** RECORD EXTRACTS **
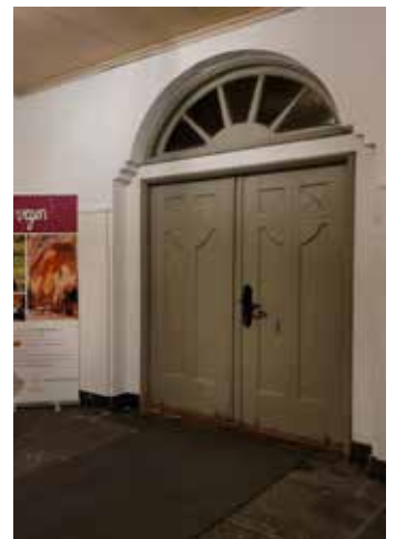
Oppussing på dugnad: Våpenhuset mot hoveddøra, før oppussinga (t.v.) og etter (t.h.).
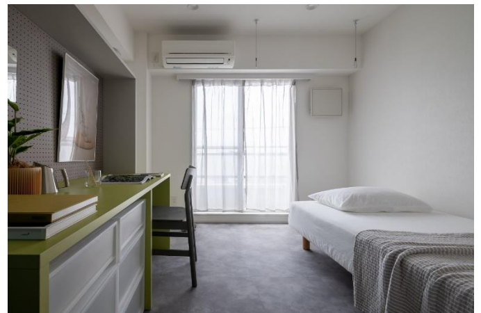
造作家具のデザインを担当した専有部

〈専有部の造作家具について〉外側のフレーム内に洋服掛・カウンター・有孔ボードが取り付けのみのシンプルな構成で、引き出しやフックなどを追加しながら住まう人それぞれの使い方ができるよう余白を残しています。また、インテリアの背景となるよう主張しすぎず、すっきりとした青・緑、グレーの色を組み合わせています。
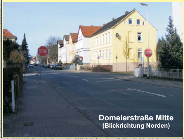
Domeierstraße Mitte (Blickrichtung Norden)
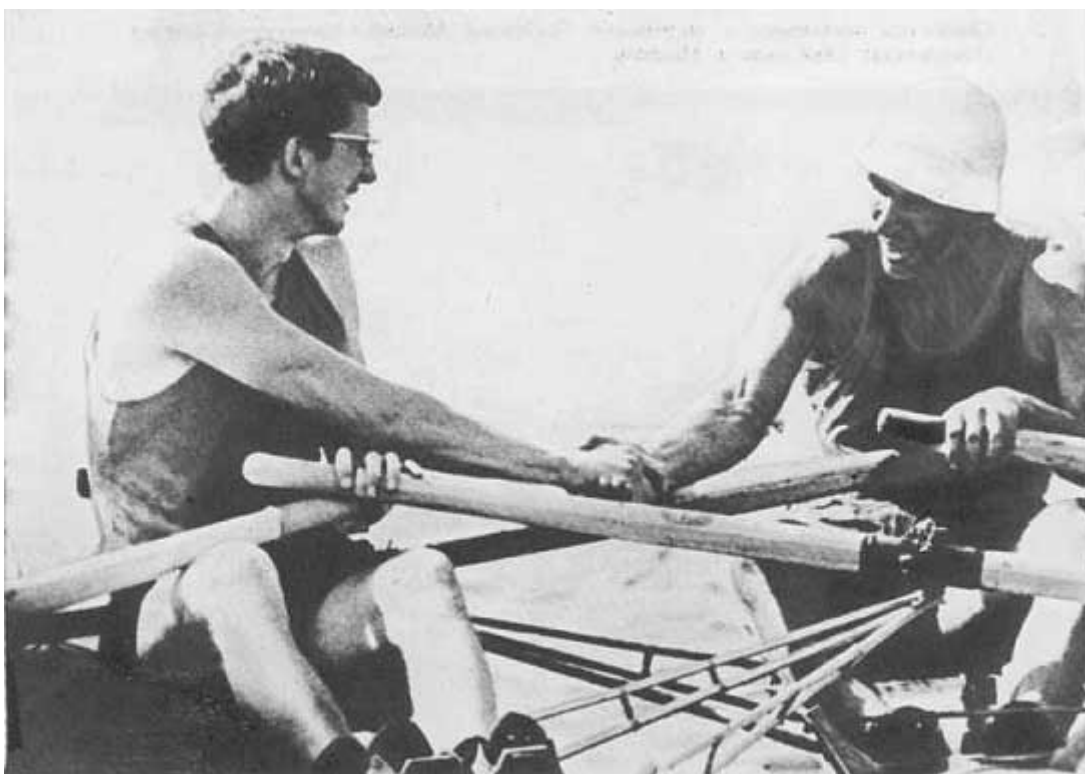
Вячеслав ИВАНОВ (справа) поздравляет нового чемпиона СССР в 1х, Виктора МЕЛЬНИКОВА с победой. Москва. 1968 год

сел в прекрасном расположении духа. На пути к старту едва успели поделиться своими соображениями о тактическом плане гонки.
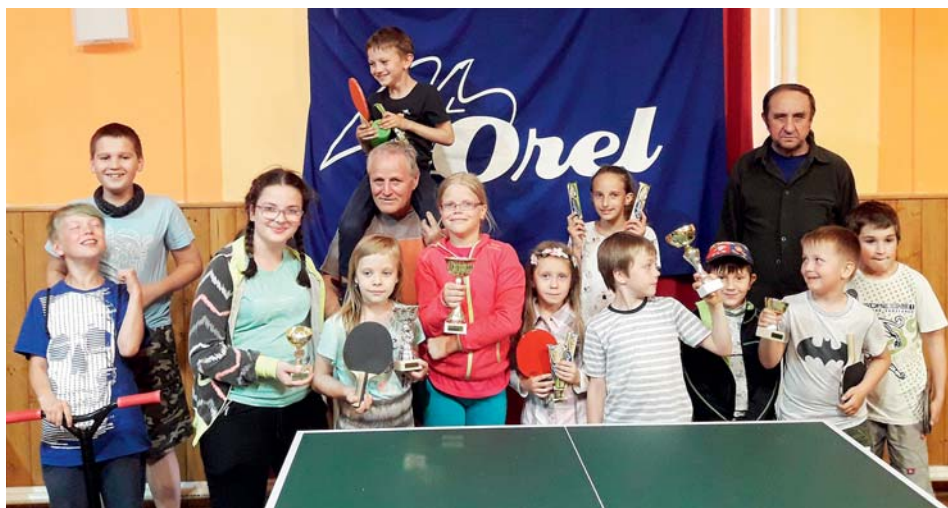
Hráči i s trofejemi, radost v roce 2020.

Zdroje: Pchálek, Jan. Z historie starobělského Orla 1907–1948. Osobní zápisky. Holain, Jan. Prvopočátky: sport i ochotníci. Starobělský zpravodaj. Ostrava-Stará Bělá, 2016, č. 10, s. 7.
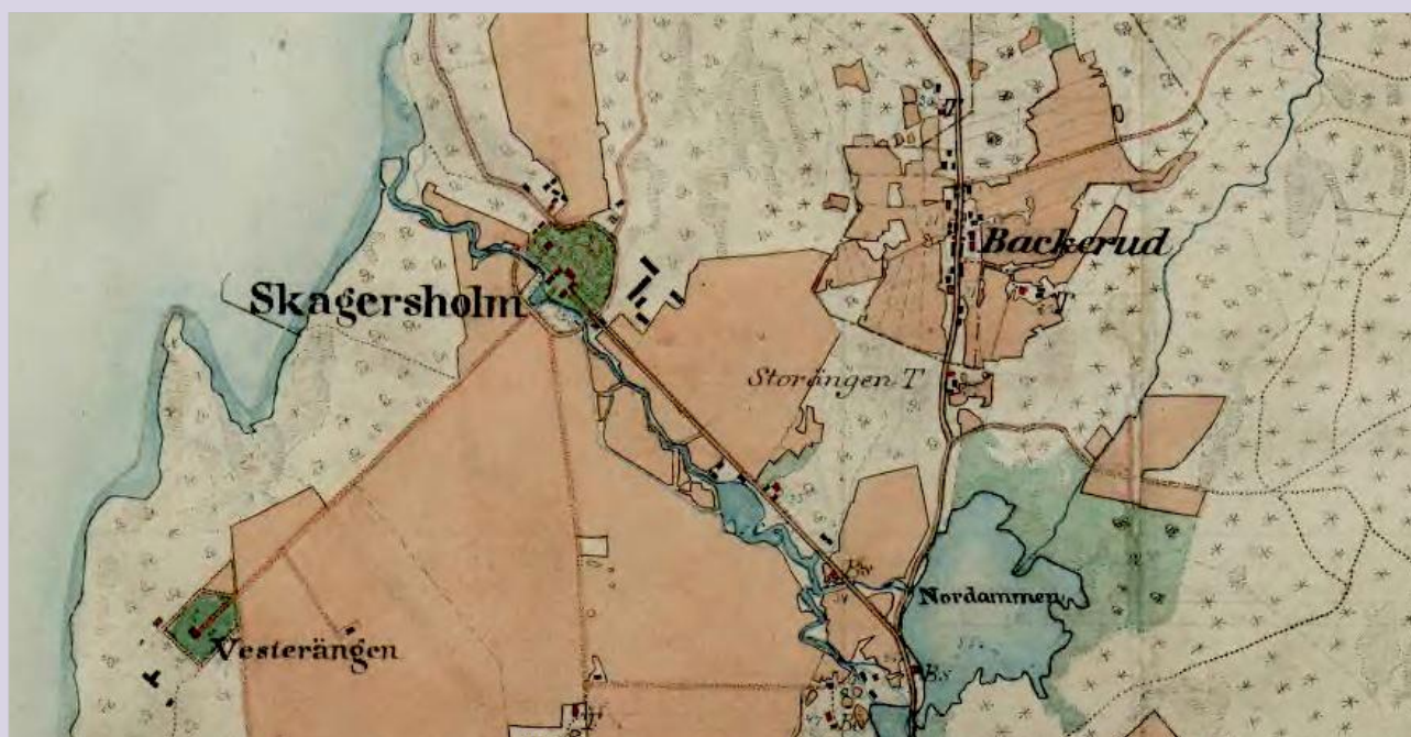
Häradseconomisk karta från omkr. 1880. Skagersholm och Västerängen, med mera.
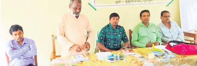
କର୍ମଶାଳାରେ ଉପସ୍ଥିତ ଅତିଥି।

ମୁନିଗୁଡ଼ା, ୬୬ (ଡି.ଏନ୍.ଏ.): ମୁନିଗୁଡ଼ା ନିକଟବର୍ତ୍ତୀ ବୁକ୍ସମାଳା ନିଯାତ୍ରୀ ପଦ୍ମିନୀ ସ୍ତୁଲେ ଶନିବାର ମୁନିସେପ୍ଟର ସହାୟତା ଏବଂ ଶିକ୍ଷା ସହାୟକ ପରିଚାଳନା କ୍ରମେ ପଠନ ଦକ୍ଷତା ବୃଦ୍ଧି କାର୍ଯ୍ୟକ୍ରମର ସମୀକ୍ଷା କର୍ମଶାଳା ଅନୁଷ୍ଠିତ ହୋଇଛି।
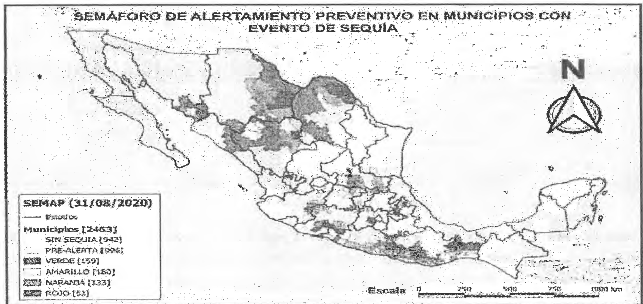
Figura 2.- Mapa del Semáforo de Alertamiento Preventivo en municipios con evento de sequía en México con corte al 31 de agosto de 2020.
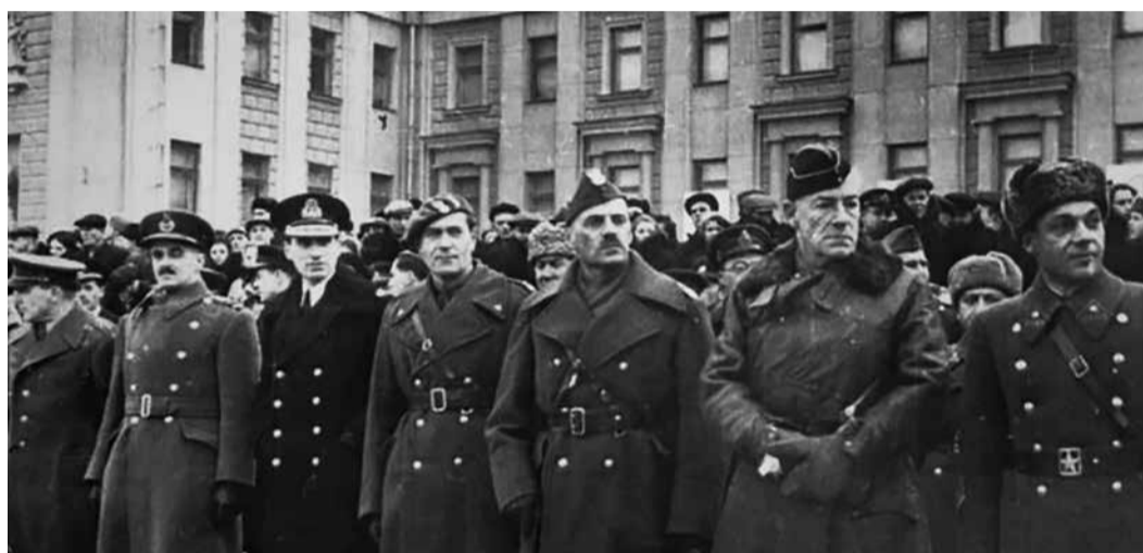
Иностранные дипломаты на параде в Куйбышеве, 7 ноября 1941 г.

событием, свидетелями которого они стали на новом месте.

** EXERCISE GOAL **
Begin with the line that has "Hráči i s trofejemi, radost v roce 2020." and continue to the last line of the entries, printing each line exactly and nothing else; include both ends and skip the pictures.

** TASK SOLUTION **
Hráči i s trofejemi, radost v roce 2020.

Zdroje: Pchálek, Jan. Z historie starobělského Orla 1907–1948. Osobní zápisky. Holain, Jan. Prvopočátky: sport i ochotníci. Starobělský zpravodaj. Ostrava-Stará Bělá, 2016, č. 10, s. 7.
Häradseconomisk karta från omkr. 1880. Skagersholm och Västerängen, med mera.
କର୍ମଶାଳାରେ ଉପସ୍ଥିତ ଅତିଥି।

ମୁନିଗୁଡ଼ା, ୬୬ (ଡି.ଏନ୍.ଏ.): ମୁନିଗୁଡ଼ା ନିକଟବର୍ତ୍ତୀ ବୁକ୍ସମାଳା ନିଯାତ୍ରୀ ପଦ୍ମିନୀ ସ୍ତୁଲେ ଶନିବାର ମୁନିସେପ୍ଟର ସହାୟତା ଏବଂ ଶିକ୍ଷା ସହାୟକ ପରିଚାଳନା କ୍ରମେ ପଠନ ଦକ୍ଷତା ବୃଦ୍ଧି କାର୍ଯ୍ୟକ୍ରମର ସମୀକ୍ଷା କର୍ମଶାଳା ଅନୁଷ୍ଠିତ ହୋଇଛି।
Figura 2.- Mapa del Semáforo de Alertamiento Preventivo en municipios con evento de sequía en México con corte al 31 de agosto de 2020.
Иностранные дипломаты на параде в Куйбышеве, 7 ноября 1941 г.

событием, свидетелями которого они стали на новом месте.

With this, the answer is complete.